Umalali The Garifuna Women's Project Album

Bearing the Stories of Their People in Songs of Joy, Sorrow, Strength and Beauty

Umalali: The Garifuna Women's Project presents the hidden voices of Garifuna women to the world

Here is a record that is beyond "the norm". Often as a serious music listener I crave something more real than what is on offer. I crave music that hasn't been squeezed through the marketing machine to optimize it for maximum sales. Umalali is exactly that! I urge you to buy this record as you won't find anything else out there that is quite like it.

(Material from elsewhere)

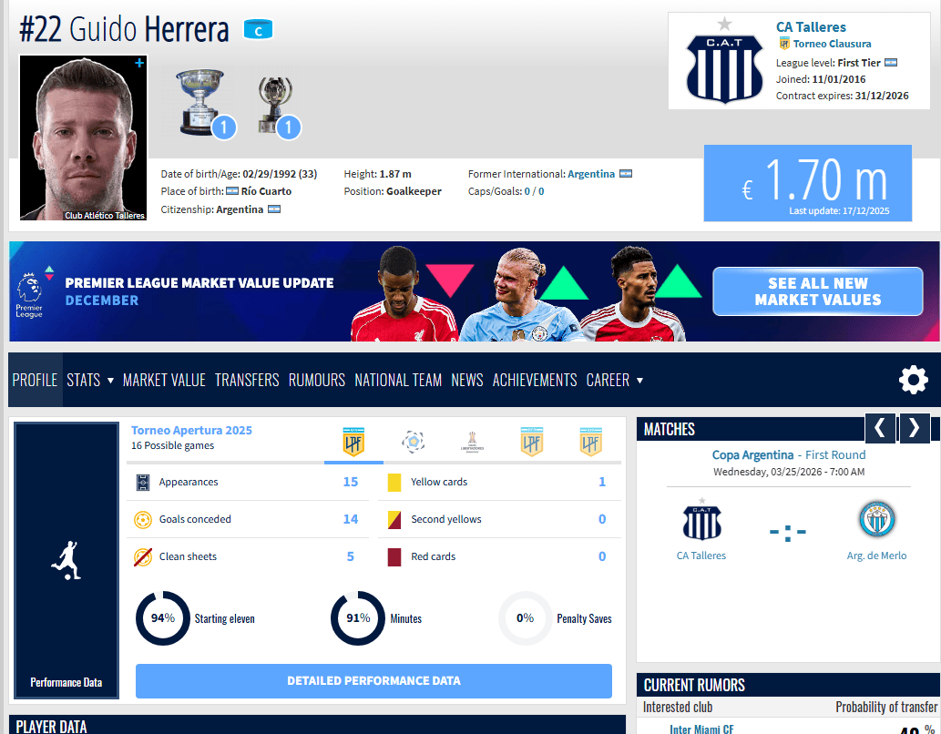 虎扑12月20日讯阿根廷球队塔勒雷斯已经接受了迈阿密国际对吉多-埃雷拉的报价。

Umalali: The Garifuna Women's Project, released by Cumbancha on April 7th 2008, is a groundbreaking album inviting the listener behind closed doors into a fascinating musical world that has remained largely unexposed until now. The project was produced by Ivan Duran, the mastermind behind Andy Palacio & The Garifuna Collective's album Wátina, one of the most critically acclaimed albums of any genre in 2007. Descendents of shipwrecked African slaves who intermarried with the Carib and Arawak Indians of the Caribbean, the Garifuna people live primarily in small towns and villages on the Caribbean coast of Belize, Guatemala, Honduras and Nicaragua. Umalali: The Garifuna Women's Project expands on the story of this fascinating community, which is struggling to retain its language, music and traditions in the face of globalization. Blending the rich vocal textures of Garifuna women with echoes of rock, blues, funk, African, Latin and Caribbean music, Umalali is an entrancing journey into the heart and soul of women whose strength, hard work and perseverance provide the bedrock of their community.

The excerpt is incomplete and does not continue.